**DATA TO PROCESS**

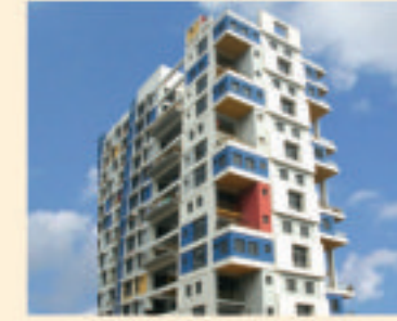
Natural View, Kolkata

* * *

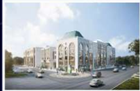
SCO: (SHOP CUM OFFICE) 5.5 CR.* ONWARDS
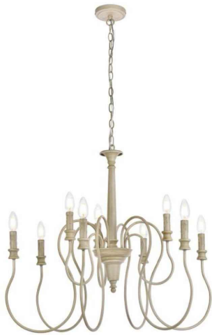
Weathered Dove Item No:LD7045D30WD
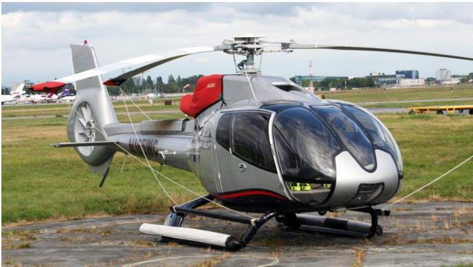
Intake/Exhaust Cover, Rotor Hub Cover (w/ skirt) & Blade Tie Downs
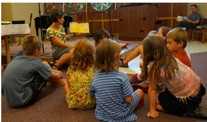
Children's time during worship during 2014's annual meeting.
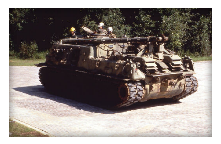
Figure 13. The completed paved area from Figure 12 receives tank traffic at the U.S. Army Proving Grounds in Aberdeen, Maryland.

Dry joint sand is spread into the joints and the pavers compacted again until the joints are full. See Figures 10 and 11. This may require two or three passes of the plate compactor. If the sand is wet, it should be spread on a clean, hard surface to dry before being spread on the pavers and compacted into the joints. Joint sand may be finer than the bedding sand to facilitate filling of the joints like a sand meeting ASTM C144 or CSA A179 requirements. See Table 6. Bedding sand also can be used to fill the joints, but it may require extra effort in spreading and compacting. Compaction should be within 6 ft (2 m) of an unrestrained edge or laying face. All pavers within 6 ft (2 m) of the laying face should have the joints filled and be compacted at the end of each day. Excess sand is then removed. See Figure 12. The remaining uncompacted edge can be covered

**ASSIGNMENT**
All that is wanted is the lines above between the one containing "Intake/Exhaust Cover, Rotor" and the one containing "Figure 13. The", inclusive, restated word for word, with pictures omitted.

**TASK RESPONSE**
Intake/Exhaust Cover, Rotor Hub Cover (w/ skirt) & Blade Tie Downs
Children's time during worship during 2014's annual meeting.
Figure 13. The completed paved area from Figure 12 receives tank traffic at the U.S. Army Proving Grounds in Aberdeen, Maryland.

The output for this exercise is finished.